Have you seen any cool Engrish signs like the world tamous wine? Please post pics.
not Engrish as such, but I liked this sign: http://www.zoochat.com/1688/warning-sign-338991/

And also the following, not for the wording but for the little picture, because one of the items it is warning you not to throw down the toilet is your keys. I can't imagine many people deliberately throw their keys down the toilet.
 

Attachments

  • IMG_5853.JPG
    IMG_5853.JPG
    397.5 KB · Views: 22
One of my best animals so far this trip was seen in Shanghai, the raccoon dog. That was my "target mammal" for South Korea but I didn't see it there (I didn't see much there at all actually) but I was hoping I'd see one later in the trip. I had been told in confidence of a site in Shanghai where raccoon dogs could be reliably seen, but the site has to be kept under wraps so that they don't get trapped or persecuted, which is why I am putting this post as a separate one apart from the others so that there are no links.

I just saw one dog, but it seemed pretty relaxed about me being there. It was on the other side of a creek though so it probably knew it could get away faster than I could get across! It sort of lounged around outside the opening to the den, went for a little wander, had a drink. Pretty much just ignored me, unlike the mosquitoes which covered my arms in welts (I didn't want to scare the dog by slapping at them!). There was a fair bit of rain that day so I got pretty much soaked, and I think that's probably why there was only one dog out instead of the whole family. They seem to spend the day just hanging out around the den, and go off at night to look for food.

Pretty awesome animals. (The photos are pretty crappy though because I couldn't focus very well, the light was so dim!).

http://www.zoochat.com/733/raccoon-dog-nyctereutes-procyonoides-339662/ and http://www.zoochat.com/733/raccoon-dog-nyctereutes-procyonoides-339663/
 
For those conditions it is actually a very good picture. Very nice result even if it is a mammal :p
 
So the NZ$60 is including flights? That is very decent.
nope, the flights I've had so far (NZ to South Korea, then to Vladivostok, and between Ulan Baatar and Beijing -- and also the Trans-Siberian train) were paid for before the trip for visa reasons, and so I'm not counting them in what I've spent while actually on the road. But it does include the trains I've taken in China, and any further planes will be in the travel total (except the one out of China which is already paid for).

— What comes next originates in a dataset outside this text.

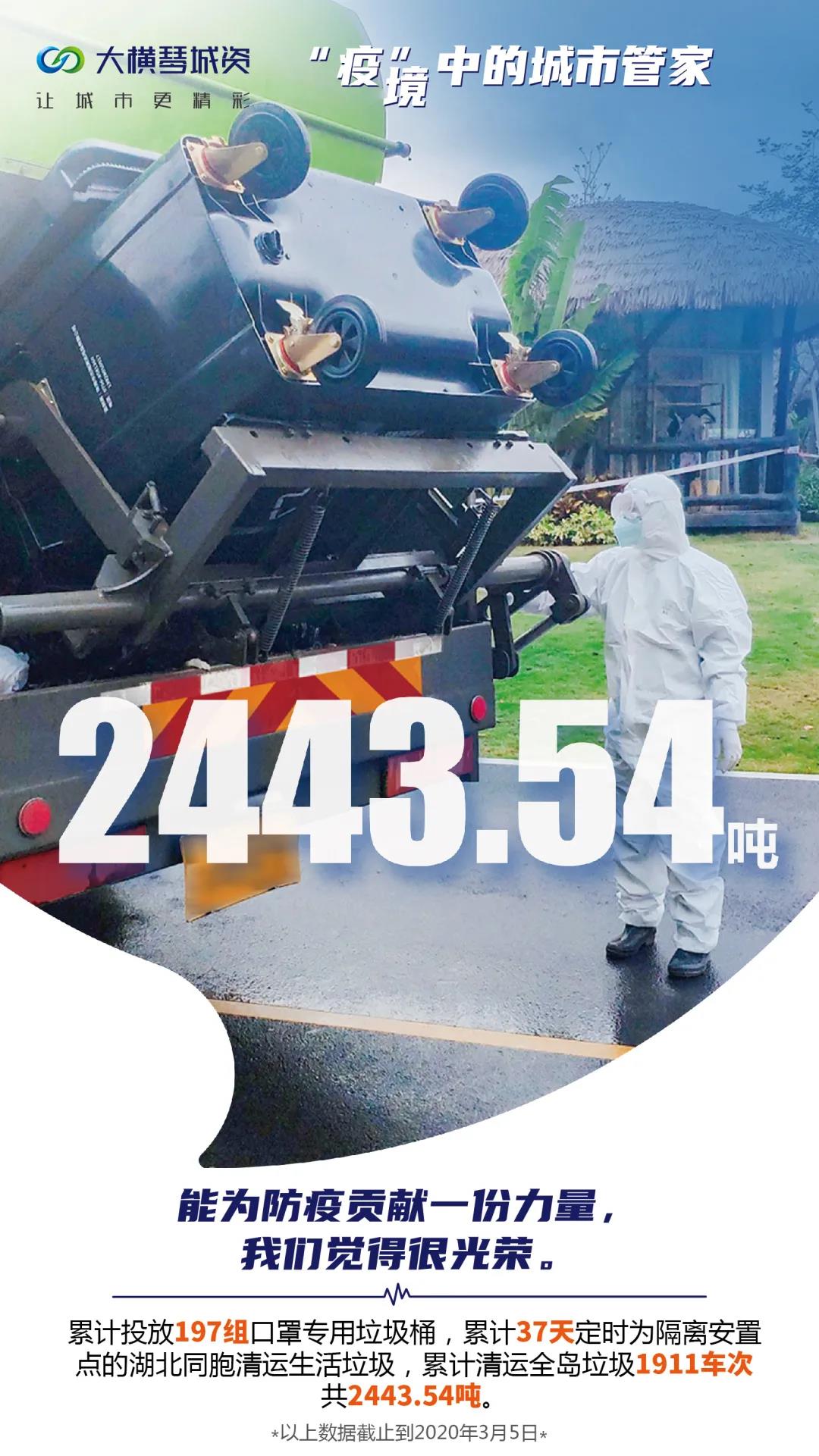 以口罩等防疫廢棄物收集運輸為例,大橫琴城資在服務的公共空間、物業項目等地全覆蓋投放廢棄口罩專用桶197組,并制定了嚴格的防疫廢棄物收運流程,安排專人專車定時定點收集湖北籍人士集中隔離醫學觀察點的生活垃圾,截至3月5日,累計安全清運集中隔離醫學觀察點生活垃圾達37天。

If I include the flights so far, then that makes the average the NZ$83 one.
 
(Russia and China make things difficult for NZ travellers).

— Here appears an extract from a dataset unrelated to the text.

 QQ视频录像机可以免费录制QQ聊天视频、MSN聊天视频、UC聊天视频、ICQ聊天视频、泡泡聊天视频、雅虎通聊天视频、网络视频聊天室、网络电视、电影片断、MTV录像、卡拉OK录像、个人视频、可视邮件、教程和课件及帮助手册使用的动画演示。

That's because they know the trouble we (Australia) have with Kiwis, and they're afraid you'll never go home!

:p

Hix
 
Last edited:
That's because they know the trouble we have with Kiwis, and they're afraid you'll never go home!
that may well be.

Possibly connected to the complexity of getting the visas, is that NZers are few and far between in Russia and China. Most Chinese don't even seem to have heard of New Zealand, but they have heard of Australia.